## [Task instructions]
Look through the listing below and write out exactly the lines from the line with "de 3242mm. |" to the line with "Aqua (вода дистиллированная), Lavandula", both included, and no others.

## [Data]
--- START ---

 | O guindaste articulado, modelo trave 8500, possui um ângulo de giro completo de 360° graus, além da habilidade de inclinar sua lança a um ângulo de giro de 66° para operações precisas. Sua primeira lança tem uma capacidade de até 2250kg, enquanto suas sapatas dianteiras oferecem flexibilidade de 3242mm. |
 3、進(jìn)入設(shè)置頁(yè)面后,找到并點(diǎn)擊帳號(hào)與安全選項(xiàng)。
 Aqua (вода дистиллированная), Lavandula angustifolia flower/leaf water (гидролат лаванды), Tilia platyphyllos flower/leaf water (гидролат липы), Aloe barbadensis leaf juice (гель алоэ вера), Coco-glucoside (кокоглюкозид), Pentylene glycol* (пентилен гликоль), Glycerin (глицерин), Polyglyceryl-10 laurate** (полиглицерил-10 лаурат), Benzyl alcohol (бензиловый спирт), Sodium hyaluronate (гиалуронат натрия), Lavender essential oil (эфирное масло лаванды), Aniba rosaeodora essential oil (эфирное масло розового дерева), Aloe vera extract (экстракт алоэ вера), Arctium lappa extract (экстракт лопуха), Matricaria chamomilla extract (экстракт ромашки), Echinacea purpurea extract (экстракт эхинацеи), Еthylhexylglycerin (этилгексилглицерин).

--- END ---
--- START ---

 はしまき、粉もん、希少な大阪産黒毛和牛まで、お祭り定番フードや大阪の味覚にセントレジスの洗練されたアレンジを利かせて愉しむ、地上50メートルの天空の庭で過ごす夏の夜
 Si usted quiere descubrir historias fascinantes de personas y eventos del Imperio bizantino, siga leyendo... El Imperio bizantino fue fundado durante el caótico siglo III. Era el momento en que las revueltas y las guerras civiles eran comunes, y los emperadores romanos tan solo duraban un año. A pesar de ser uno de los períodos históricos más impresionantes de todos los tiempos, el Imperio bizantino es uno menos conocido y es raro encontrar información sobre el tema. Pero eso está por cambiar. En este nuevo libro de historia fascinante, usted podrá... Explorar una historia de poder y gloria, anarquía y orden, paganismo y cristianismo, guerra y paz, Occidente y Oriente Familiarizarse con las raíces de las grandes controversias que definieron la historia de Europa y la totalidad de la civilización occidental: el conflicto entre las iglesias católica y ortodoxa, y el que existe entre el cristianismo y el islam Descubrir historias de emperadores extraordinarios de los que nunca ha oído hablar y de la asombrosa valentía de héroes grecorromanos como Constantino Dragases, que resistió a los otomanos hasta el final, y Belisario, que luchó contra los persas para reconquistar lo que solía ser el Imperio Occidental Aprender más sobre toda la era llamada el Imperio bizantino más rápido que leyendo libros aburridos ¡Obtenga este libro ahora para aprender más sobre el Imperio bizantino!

--- END ---

## [Response]
 | O guindaste articulado, modelo trave 8500, possui um ângulo de giro completo de 360° graus, além da habilidade de inclinar sua lança a um ângulo de giro de 66° para operações precisas. Sua primeira lança tem uma capacidade de até 2250kg, enquanto suas sapatas dianteiras oferecem flexibilidade de 3242mm. |
 3、進(jìn)入設(shè)置頁(yè)面后,找到并點(diǎn)擊帳號(hào)與安全選項(xiàng)。
 Aqua (вода дистиллированная), Lavandula angustifolia flower/leaf water (гидролат лаванды), Tilia platyphyllos flower/leaf water (гидролат липы), Aloe barbadensis leaf juice (гель алоэ вера), Coco-glucoside (кокоглюкозид), Pentylene glycol* (пентилен гликоль), Glycerin (глицерин), Polyglyceryl-10 laurate** (полиглицерил-10 лаурат), Benzyl alcohol (бензиловый спирт), Sodium hyaluronate (гиалуронат натрия), Lavender essential oil (эфирное масло лаванды), Aniba rosaeodora essential oil (эфирное масло розового дерева), Aloe vera extract (экстракт алоэ вера), Arctium lappa extract (экстракт лопуха), Matricaria chamomilla extract (экстракт ромашки), Echinacea purpurea extract (экстракт эхинацеи), Еthylhexylglycerin (этилгексилглицерин).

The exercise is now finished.